• Exercise goal:
Could you give the entries back exactly as they stand, minus any pictures?

#### Data for this task

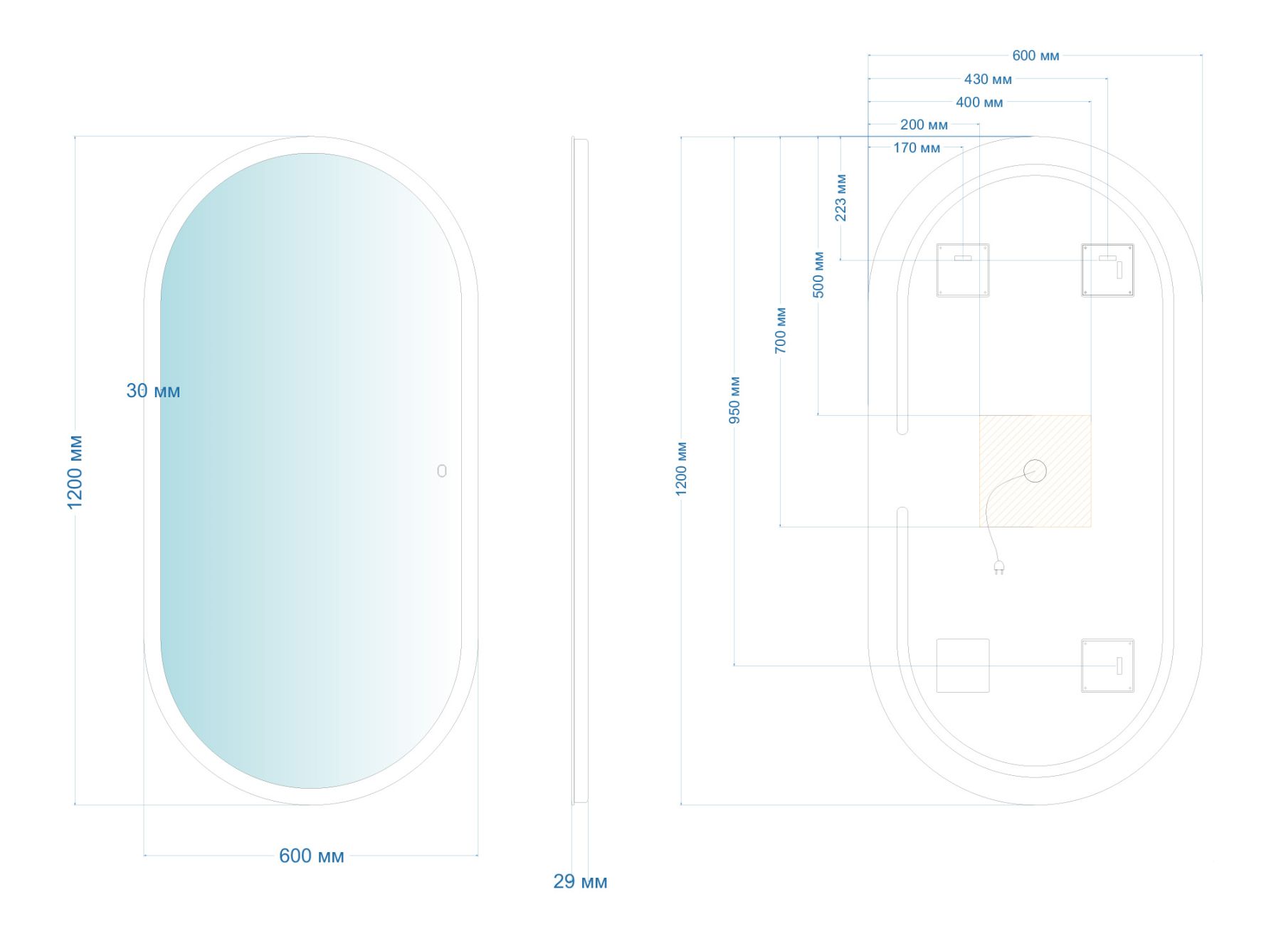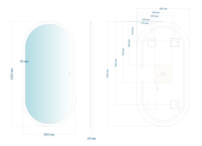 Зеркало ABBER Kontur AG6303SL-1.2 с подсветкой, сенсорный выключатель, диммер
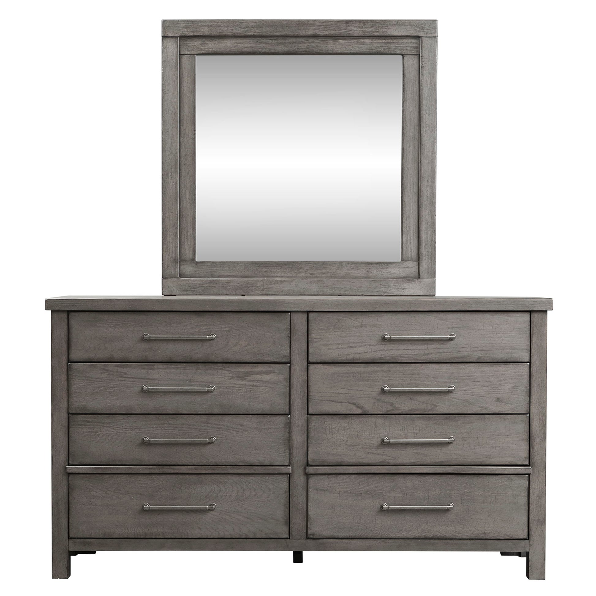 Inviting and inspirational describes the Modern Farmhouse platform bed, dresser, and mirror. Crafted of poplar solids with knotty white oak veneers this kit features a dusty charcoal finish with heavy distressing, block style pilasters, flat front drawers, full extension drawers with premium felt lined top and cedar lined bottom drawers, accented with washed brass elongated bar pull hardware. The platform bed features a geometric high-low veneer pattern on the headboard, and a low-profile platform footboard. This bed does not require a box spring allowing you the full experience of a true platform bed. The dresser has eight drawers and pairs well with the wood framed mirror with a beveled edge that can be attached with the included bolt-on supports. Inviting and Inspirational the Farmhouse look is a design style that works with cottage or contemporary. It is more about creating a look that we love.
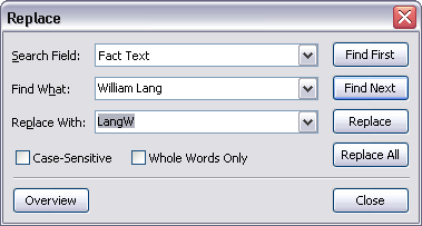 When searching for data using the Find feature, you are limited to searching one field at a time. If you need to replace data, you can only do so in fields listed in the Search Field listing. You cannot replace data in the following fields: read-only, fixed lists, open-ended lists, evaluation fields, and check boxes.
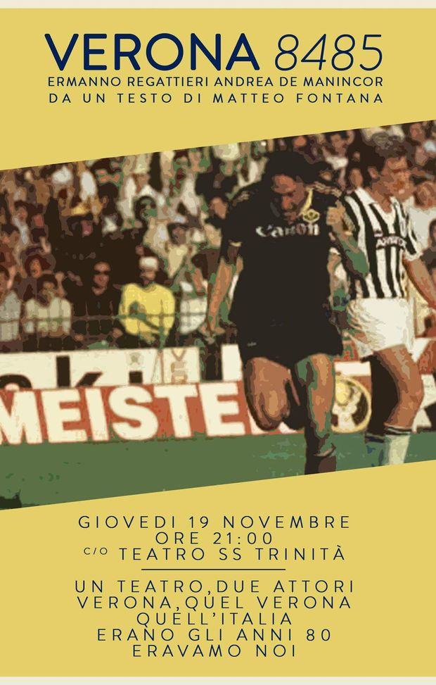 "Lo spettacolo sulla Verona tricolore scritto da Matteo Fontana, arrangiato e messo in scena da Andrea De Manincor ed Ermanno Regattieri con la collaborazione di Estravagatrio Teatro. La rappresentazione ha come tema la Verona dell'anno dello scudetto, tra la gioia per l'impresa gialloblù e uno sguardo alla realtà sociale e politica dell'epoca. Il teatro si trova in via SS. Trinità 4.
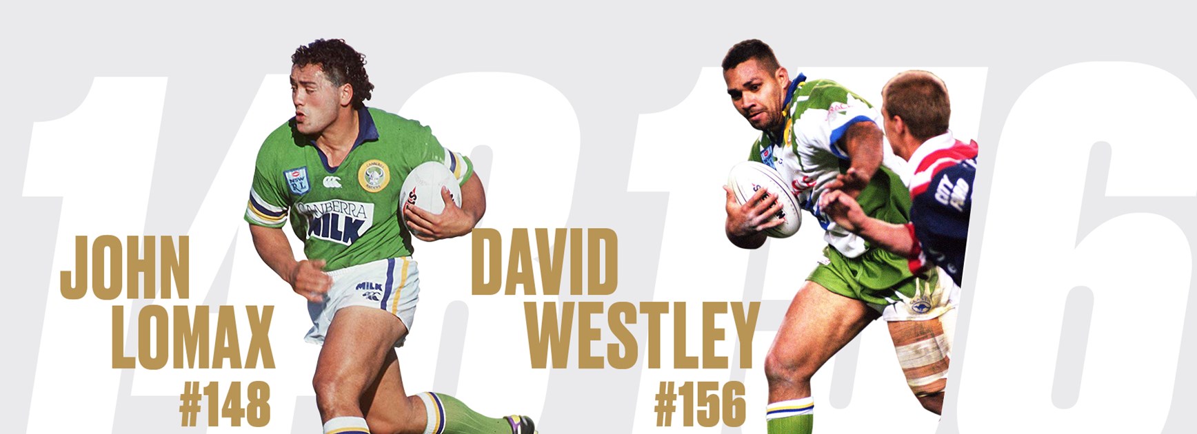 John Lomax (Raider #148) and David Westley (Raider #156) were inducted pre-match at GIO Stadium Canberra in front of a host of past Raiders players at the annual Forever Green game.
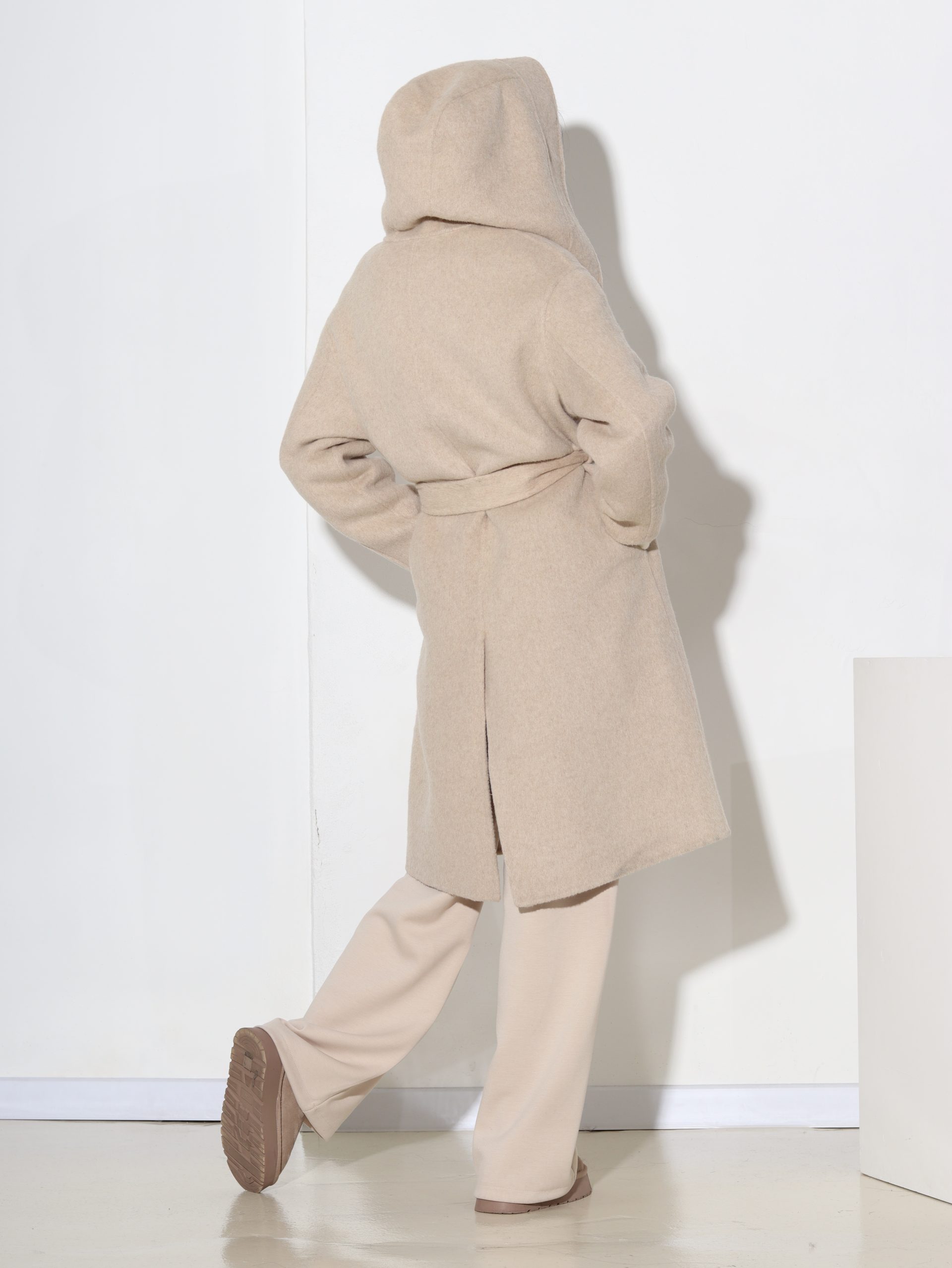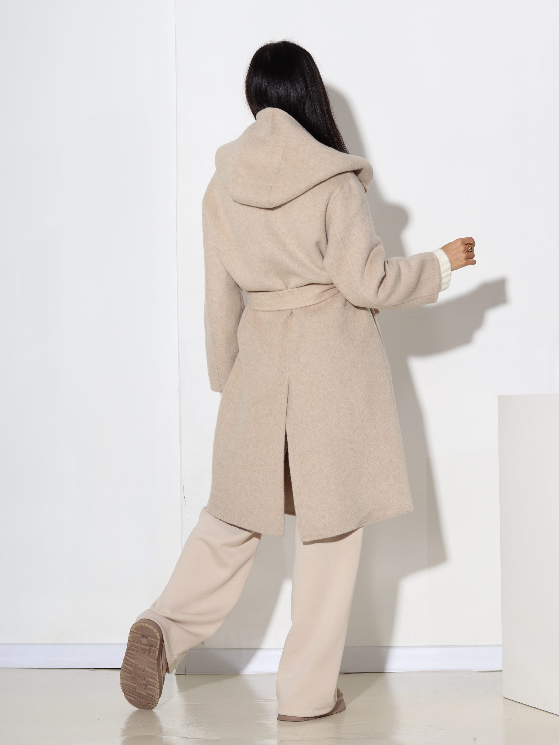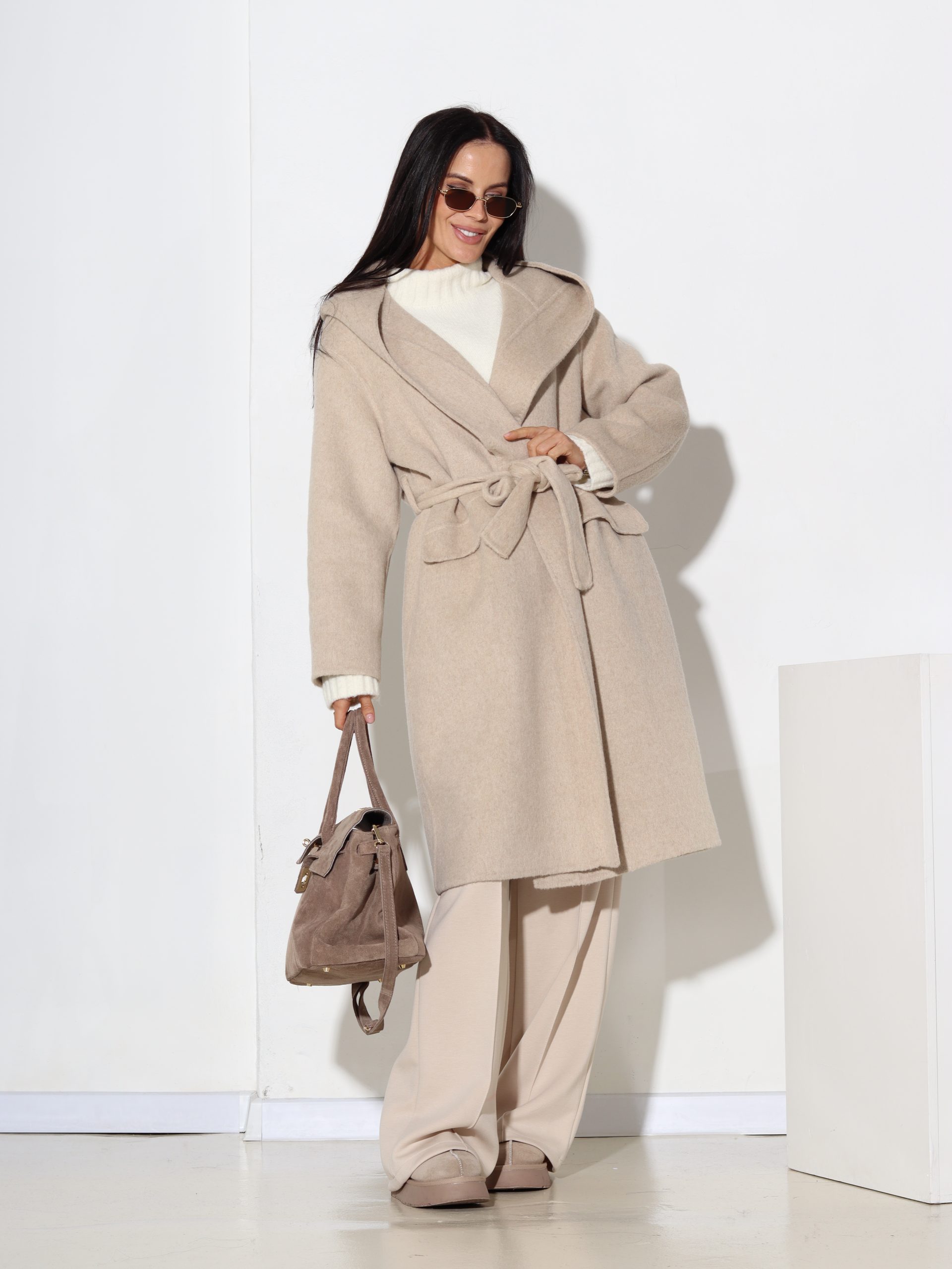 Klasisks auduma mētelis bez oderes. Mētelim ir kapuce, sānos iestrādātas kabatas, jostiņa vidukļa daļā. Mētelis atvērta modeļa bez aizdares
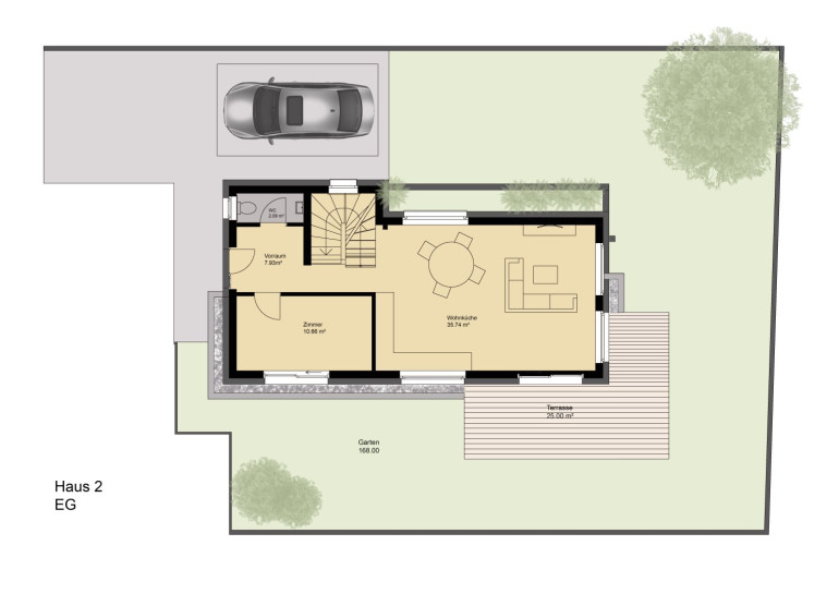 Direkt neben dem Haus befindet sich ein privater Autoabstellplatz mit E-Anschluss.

########

• Your response:
 Зеркало ABBER Kontur AG6303SL-1.2 с подсветкой, сенсорный выключатель, диммер
 Inviting and inspirational describes the Modern Farmhouse platform bed, dresser, and mirror. Crafted of poplar solids with knotty white oak veneers this kit features a dusty charcoal finish with heavy distressing, block style pilasters, flat front drawers, full extension drawers with premium felt lined top and cedar lined bottom drawers, accented with washed brass elongated bar pull hardware. The platform bed features a geometric high-low veneer pattern on the headboard, and a low-profile platform footboard. This bed does not require a box spring allowing you the full experience of a true platform bed. The dresser has eight drawers and pairs well with the wood framed mirror with a beveled edge that can be attached with the included bolt-on supports. Inviting and Inspirational the Farmhouse look is a design style that works with cottage or contemporary. It is more about creating a look that we love.
 When searching for data using the Find feature, you are limited to searching one field at a time. If you need to replace data, you can only do so in fields listed in the Search Field listing. You cannot replace data in the following fields: read-only, fixed lists, open-ended lists, evaluation fields, and check boxes.
 "Lo spettacolo sulla Verona tricolore scritto da Matteo Fontana, arrangiato e messo in scena da Andrea De Manincor ed Ermanno Regattieri con la collaborazione di Estravagatrio Teatro. La rappresentazione ha come tema la Verona dell'anno dello scudetto, tra la gioia per l'impresa gialloblù e uno sguardo alla realtà sociale e politica dell'epoca. Il teatro si trova in via SS. Trinità 4.
 John Lomax (Raider #148) and David Westley (Raider #156) were inducted pre-match at GIO Stadium Canberra in front of a host of past Raiders players at the annual Forever Green game.
 Klasisks auduma mētelis bez oderes. Mētelim ir kapuce, sānos iestrādātas kabatas, jostiņa vidukļa daļā. Mētelis atvērta modeļa bez aizdares
 Direkt neben dem Haus befindet sich ein privater Autoabstellplatz mit E-Anschluss.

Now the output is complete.